Certo dia, operando o computador, Vivi falou em voz alta:
– Como é você? Perguntou Vivi, no exato momento que a mãe entrava no quarto com uma pequena bandeja nas mãos. O susto foi enorme.
– Com quem você está falando filha? Perguntou a mãe, aflita!
– Com um rapaz que conheci ontem no Facebook. Respondeu Vivi.
– Deus dos céus! (“Minhas preces quando jogo os ramalhetes de lírios no córrego estão sendo ouvidas por Deus”)
Além do teclado especial para deficiente visual, o pai de Vivi comprou, também, fones/microfones modernos, o que permitia que a filha mantivesse contatos com outras pessoas.

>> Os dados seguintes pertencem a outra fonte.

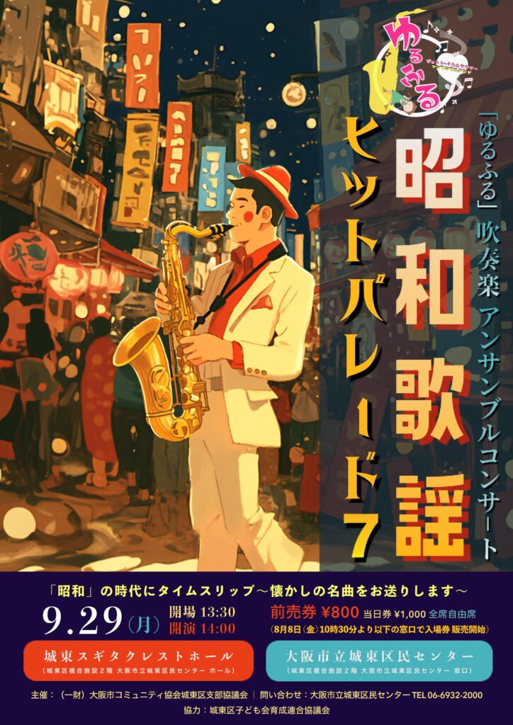 城東区民センター吹奏楽アンサンブルバンド「ゆるふる」による昭和歌謡をテーマにしたコンサートです。
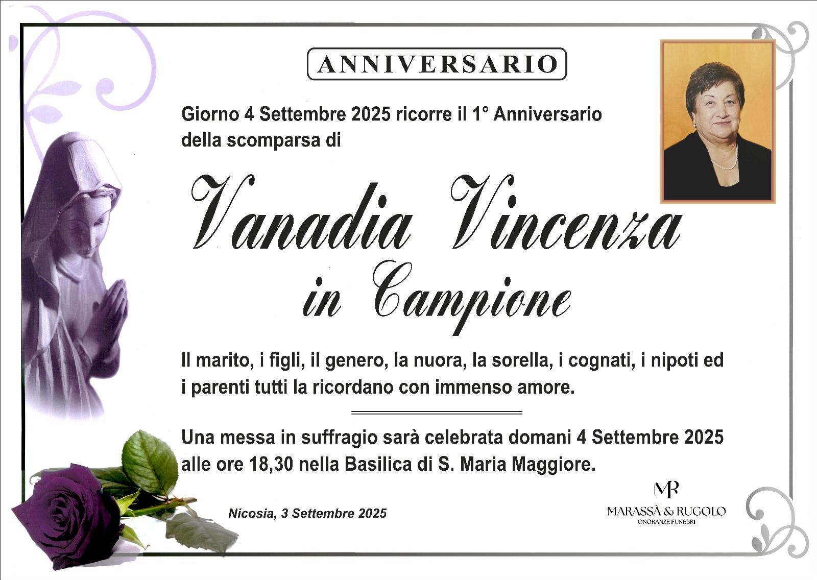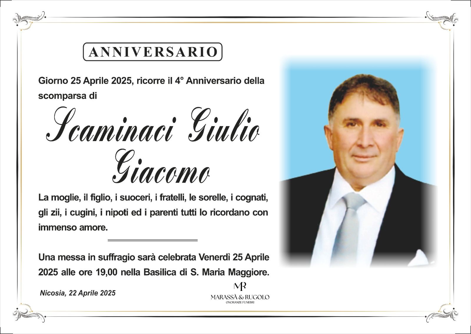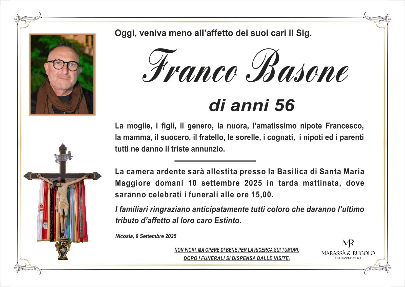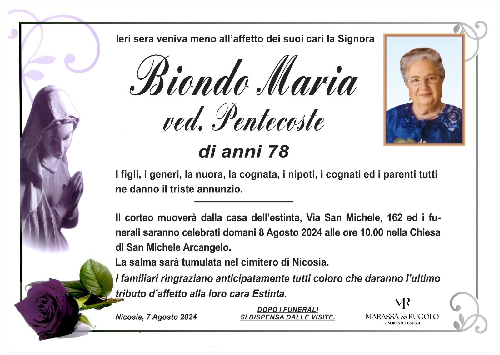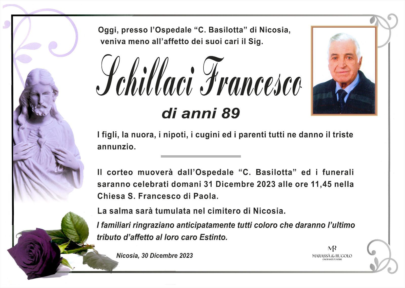 Dal 1980 l'agenzia di ONORANZE FUNEBRI MARASSA' & RUGOLO a Nicosia in provincia di Enna, effettua il disbrigo delle pratiche; trasporto delle salme in Italia e all'estero; realizzazione di articoli funerari; personalizzazione di marmi e graniti per lapidi. Ed ancora: addobbi funebri; allestimento camere ardenti; cremazione; disbrigo pratiche funerarie; pratiche cimiteriali; servizi funebri; servizi funebri completi; sigillatura casse e molto altro ancora.
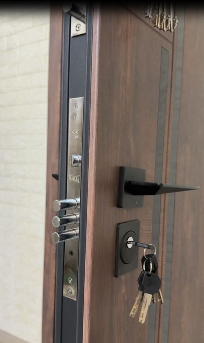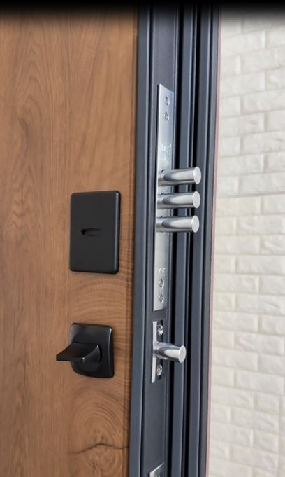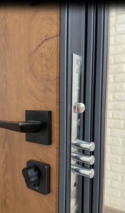 Центральна частина дверей — її полотно — має вражаючу товщину 96 мм. Усередині використовується мінеральна вата високої щільності, яка є чудовим тепло- та звукоізолятором. Завдяки цьому двері ефективно захищають від шуму та холоду, створюючи комфортну атмосферу у вашій квартирі. Крім того, у комплект входять три петлі підшипникового типу, що забезпечують плавне та безшумне закривання дверей.

Aquele era um momento diferente. Frank, o nome do interlocutor e, agora, amigo de Vivi.
A casa recebeu novo astral. A preocupação com a “presbiopia”, contraída por Vivi diminuiu ante a possibilidade de recuperação total: graças ao amor.
Vivi nunca falou para Frank o seu problema visual. Os momentos de alegria com o relacionamento superaram qualquer necessidade de revelação. O amor poderia curar tudo.
Uma visita de Frank à casa de Vivi foi marcada. Chegado o dia, Vivi recebeu da mãe o comunicado que a visita havia chegado. As duas preferiram receber o visitante no cômodo onde Vivi permanecia sempre. A janela foi aberta. As cortinas foram amarradas e o ar puro que entrava fazia do cômodo um lugar prazeroso.
A mãe de Vivi convidou Frank para ir ao encontro da filha, no quarto. Os três estavam juntos. A mãe preferiu deixá-los a sós. Vivi, tão emocionada com o momento, permaneceu sentada e acessando o computador.
Frank se aproximou, cumprimentou Vivi. A jovem pediu para que Frank lesse uma postagem recente que fizera. Só então Frank percebeu a diferença especial do teclado, concluindo que Vivi era cega. Embora não fosse.
Lírios da Paz na janela
Vivi levantou, cumprimentou Frank e o convidou a ir até a janela, de onde poderiam olhar os lírios no campo.
Aquele horizonte branco que apareceu, visto da janela, por um momento foi visto pelos dois. Vivi, intempestivamente, viu o campo repleto de lírios da paz. Agora, também do amor.